News
Wetlands again ravaged for illegal prawn farming
The wildlife department has instructed its office in Puttalam to once again restore almost two acres of mangroves in the Anawilundawa sanctuary that had been illegally cleared overnight on Tuesday to make way for a prawn farm.
Anawilundawa is a Ramsar wetland falling deemed of international importance under the UNESCO Ramsar Convention. Six out of 2,331 Ramsar wetlands worldwide are in Sri Lanka according to a 2018 report, and Anawilundawa is one of them.
A 35-year-old prawn farmer from Udappuwa has been arrested for his suspected involvement in the illegal activity at Anawilundawa.
The government will punish the perpetrators “to the fullest extent of the law, regardless of the sort of power the guilty parties will attempt to throw around,” Wildlife and Forest Conservation Minister C.B. Ratnayake said.
Department of Wildlife Conservation (DWC), Officials who found the illegally cleared area on Wednesday morning had been told curtly that it had been done with the permission of “the minister”.
The DWC said legal action was underway in the Chilaw Magistrate’s Court. Police are searching for more suspects and the heavy machines used in the rapid operation. A driver is also under arrest and a backhoe confiscated.
Officials said they had found old prawn tanks had been cleaned in readiness to restart the farm.
There had been prawn farms in the area around two decades ago but these had been shut down. For the past two years, the DWC has been working on the restoration of some 20 hectares of abandoned prawn farms in the Anawilundawa sanctuary to return the wetlands to their former state.
Department officers say they will lose no time in repairing the two acres again damaged. “We received orders from Colombo to restart the restoration process of the mangroves now,” WCD Assistant Director in Puttalam Eranda Gamage said. “It will begin again.”
The Ramsar area of Anawilundawa is 1,397ha in extent. With its unique combination of mangroves, freshwater, and the lagoon habitats, the sanctuary is home to numerous birds.
There are also six giant manmade tanks and three secondary tanks, each interconnected and working as a unit. The nine tanks store water for irrigation and cultivation and provide refuge to 150 species of water birds including threatened species. The fishermen of Puttalam are also dependent on the habitat.
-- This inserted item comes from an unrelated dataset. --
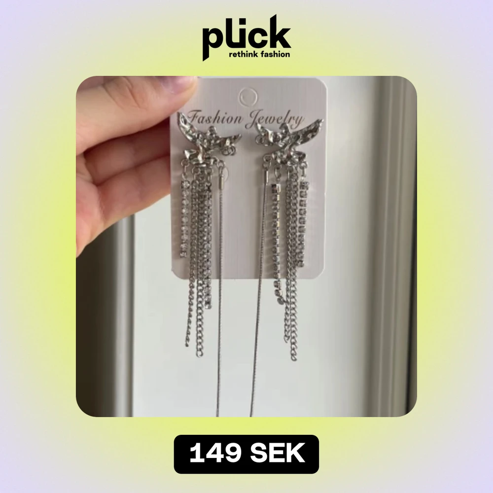 Säljer dessa suuuperfina örhängen som jag tyvärr inte använt då jag har så många örhängen. De väger 7 gram och är ungefär 11 cm långa. Självaste pinnen som är i örat är i äkta silver, på bild 2 kan man se stämpeln men det var svårt att få med på bild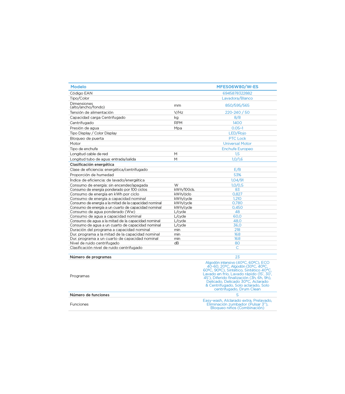 Lavadora de 8kg, 15 programas y 1400 rpm. Color blanco. Etiqueta energética D. Consumo de agua 52 litros/ ciclo. Consumo de energía 48 kWh/100 ciclos. Nivel de ruido: 73dB. Tipo de motor: AC. Dimensiones: 85 (Altura)...

Artificial digging, untreated waste and chemicals are killing mangroves and their ecosystem, conservationists say.
“Fish need mangroves to breathe in, so the destruction of mangroves has a severe ripple effect on the whole system,” Samantha Gunasekara, former deputy director of Customs (Biodiversity) and the current president of the Lanka Nature Conservationists, said.
He called the “employment provision” argument of prawn farming advocates a bogus claim. Prawn farms, he argues, generally create two jobs at most: security and drain-cutting.
“We should have learned our lesson with what happened to the Mundalama lagoon,” Mr. Gunasekara said. The once-beautiful Mundalama lagoon was hit by a white spot disease that obliterated entire ecosystems after prawn farms were started up there.
Now, 90 per cent of these prawn farms have been abandoned. Invasive prawn species such as “wanami” were introduced into the area by the organisations that had profited from the farms.